On top of this, you can export a special profile (in xml format) and use it in the new Plato 4 version (coming soon). This will automatically fill in the basis of your plan and even more. Through the REST API, you can also connect c3po with Scout – the SCAPE preservation monitor. It will periodically talk to c3po and monitor your profile for some special changes. All this works already and will be released really soon. Pretty neat ha?
tl;dr Analyse and filter the content with the Web App. Export to csv and process with other tools. Integrate the profile with Plato and Scout.
Result
If you find this somewhat interesting, then please check out the following screencast that demonstrates c3po and leave me a comment.
Limitations
Well, as any software, there are limitations. Here are some of the most important ones.
– Obviously, c3po's data quality is as good as the quality of the provided meta data. We need better characterisation. What is even more important, we need more performant characterisation. c3po does not include the time for characterising the content, which can be very long.

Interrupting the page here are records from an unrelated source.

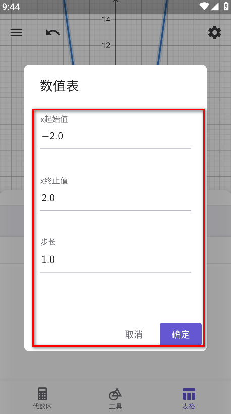 4. 利用表格功能,用户可为指定函数创建对应的数值表格,辅助完成图像绘制。
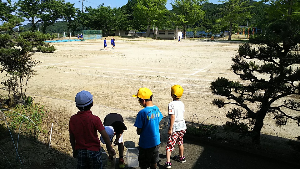 今日は、道路沿いの花植を全員で行い、プールでは学年ごとに違う泳ぎを学び、そして遊びの場面では、大きくなりたいという夢を持ちました。いい一日でしたね。いい夢見てね。
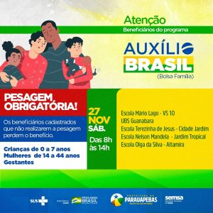 social Auxílio Brasil: Saúde faz convocação para pesagem dos beneficiários em Parauapebas Publicado em 24/11/2021
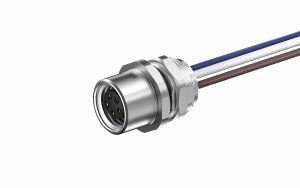 M8X1.0 Rear fastened M10X0.75 female socket, B Coded 5pin, with lize L=200mm, free end
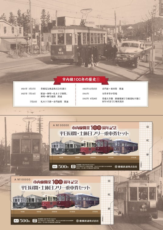 (2)記念乗車券「市内線開業100周年記念 平日昼間・土休日フリー乗車券セット」の発売
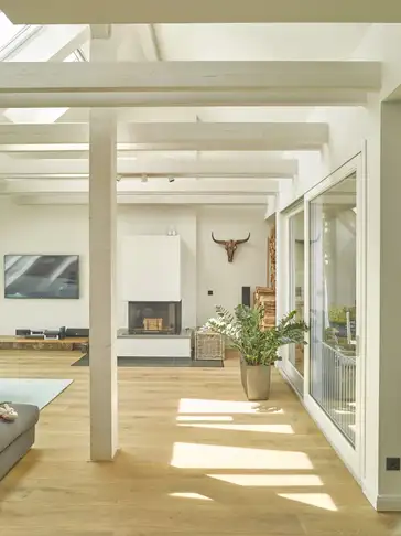- Simple ventilation: In addition, the fact that the VELUX windows are fitted with the Balanced Ventilation window ventilator ensures sufficient air exchange according to DIN 1946-6, meaning that no additional controlled ventilation is required. "This also allows us to save a lot of energy that would otherwise be needed," says the homeowner.
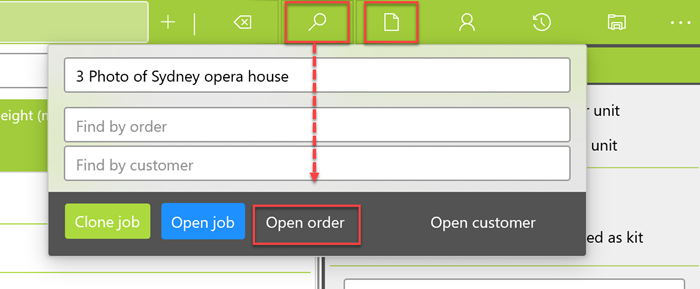 There are a number of ways to open an existing Order. From the job form you can find the order by job or order number and by customer. When you have found the correct item, click on the Open Order button. It's also possible to Open a blank Order from the Orders button.
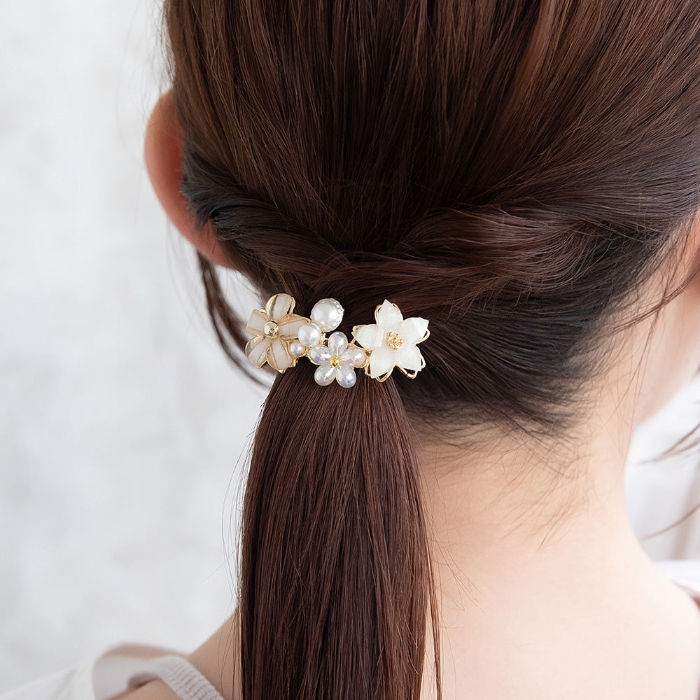 ヘアカフ トリプル フラワー オーロラ カラー パール

– Currently, only basic visualisations of the data are generated. What is more, only based on a single property. Clearly, it will be helpful if there is the possibility to choose between different types of data and combinations of two or more properties.
– Only FITS is supported (for now). Other formats can be included by implementing a small adaptor that understands them. In this case other great identification and characterisation tools, such as the jpylyzer can be used.
Next Steps
As next steps I plan to do some more tests over larger collections in order to find out bugs, problems, and bottlenecks, and to figure out how the web app can be enhanced. I will try to cope with the aforementioned limitations and will concentrate on stability and integration with other components.
One more thing:
In the beginning of December, the first SCAPE Training Event will be hosted in Guimaraes, Portugal. I will present c3po there, so if you are interested and want to talk to me, consider joining.
Links:
http://ifs.tuwien.ac.at/imp/c3po
https://github.com/peshkira/c3po
Wow, you actually read whole thing. You rock!